Cadven grunted. Somewhere overhead, the wind whispered over the rocks, but on top of the wall, the eerie quiet remained, thick as water.

‘You know what they say about me, boy?’

Cadven stared at the Breach, still and black and gleaming, and said nothing.

‘Not much of a talker, are you? Out with it. I’m long past taking offense.’

Cadven frowned.

‘That you were Exiled. That you made it back.’

‘Ah yes. The Exile Captain, the woman who made it back through the mountains. Who escaped the Grey.’ she sighed, scowling. ‘Only I’m not the only one. Not really. Just the only one fool enough to stick around, after.’

Cadven looked at her, frowning. The silver scar dripping from under her eyepatch gleamed, and her one dark eye stared out over the wall, unblinking.

‘But the Breach takes what it can get. We’ve got peasants here, orphans and farmers, hunters and killers. Even get unblooded Lordlings that come calling, sent by their daddies to get a few notches in their steel before they go back to their halls and feasts and spitting on the likes of us.’ she paused, fixing Cadven with her eye. ‘They’re no different. Lost men, same as all the rest. Lost men and women of the North, guarding the worst of it.’

Cadven stared out over the wall, setting his jaw, and the Teeth loomed over him, grinning.

‘How old are you, boy? Eighteen? Older than most of the noble brats they send me.’

‘I don’t catch your meaning.’ he replied quietly, grinding his teeth.

‘Heard about the business with your brother, even up here.’ the Captain went on, dark eye boring into his skin. ‘Always was a wild one. Had the madness in him, the bloody kind. Still, King’s men, in the King’s hall? Must have been quite the rage. What was it, four?’

‘Five.’

‘Five.’ the Exile Captain whispered. ‘No wonder you came running up here.’

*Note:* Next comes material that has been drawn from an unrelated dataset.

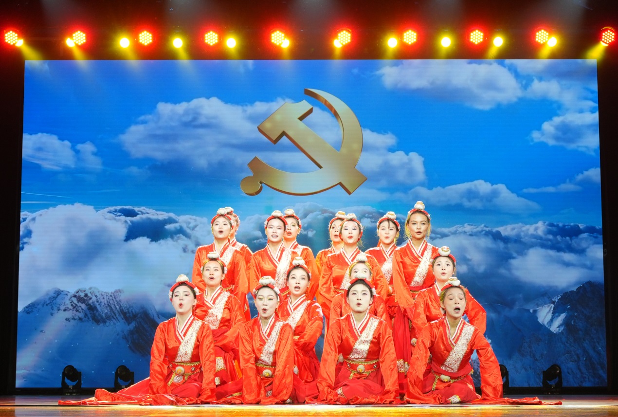 在雄壯激昂的國(guó)歌聲中,演出拉開序幕。奮進(jìn)新征程,建功新時(shí)代,原創(chuàng)歌曲《歌唱新時(shí)代》唱出全體昆院人最真摯的心聲。
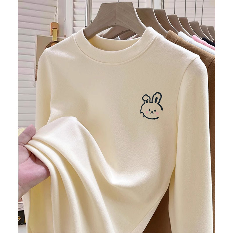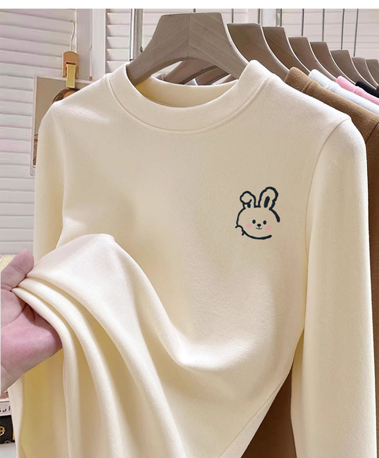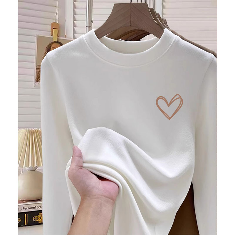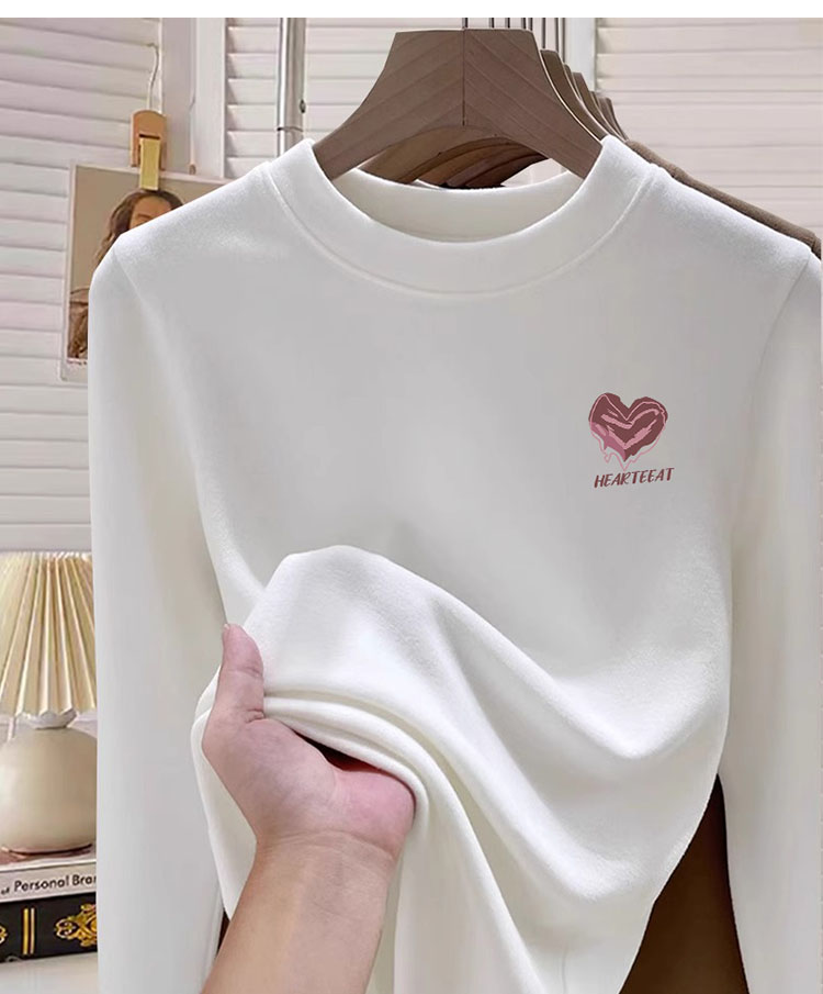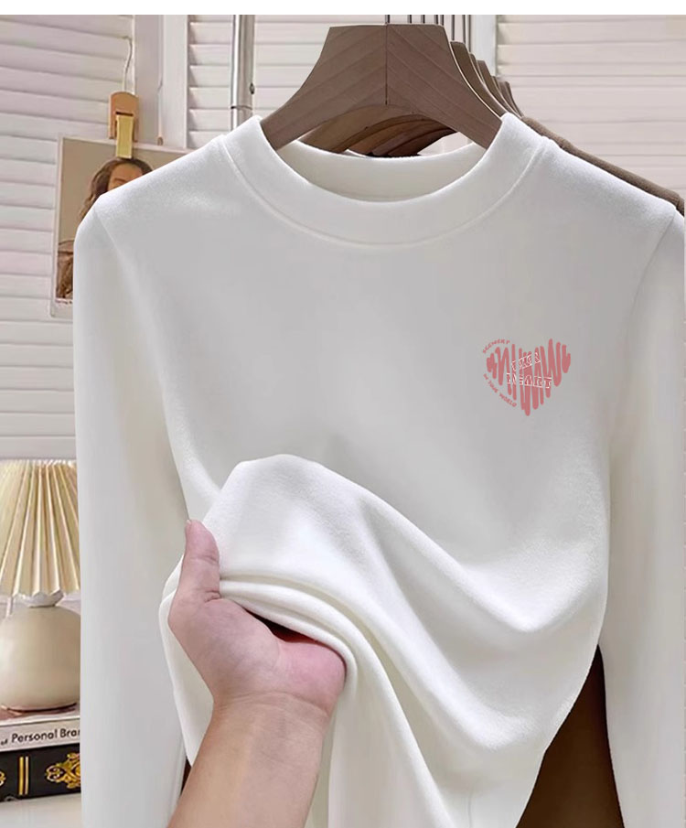 Autumn and Winter Dralon round Neck Bottoming Shirt Women's Inner Wear Fleece-lined Thickened Long Sleeves T-Shirt Women's Loose and Warm Shoulder Tops

‘What do you want?’ Cadven was in no mood for games. He hated games. And whatever this half-blind old bitch thought she knew, it was already too much for his liking. Gunil stared back at him for a long moment, unblinking. Then she smiled thinly, looking back over the wall.

‘Nothing but what was promised.’ she replied. ‘That brother of yours took plenty of notches, in his time. Dust out in the Grey ran red with them.’

‘I thought you were here to keep them the right side of the mountains, not execute them.’

‘We are.’ the Exile Captain told him. ‘But every herd needs culling, and we do what we must. Will you take heads of your own, when the time comes?’

Cadven stared at the Breach for a long moment. An impossible notch in impossible mountains at the edge of the world. His fingers twitched at his sides, and his mouth filled with hot spit. He swallowed, then looked back at the old warrior, scowling.

‘Want to know if I’ll kill for you, Captain?’ he growled. 'Aye, I’ll kill for you. But I’m not my brother. I’m not a weapon to be pointed. And I’m not here to win myself a name. More interested in losing one.’

The one-eyed Captain stared at him for a long moment.

‘Fair enough.’

Cadven spared one last glance over the edge of the wall, then turned to go, stepping out of the light of the brazier.

‘Don’t let me catch you up here without a blade again.’ the Captain called after him, and he ground his teeth as he walked, clenching his numb fingers into fists.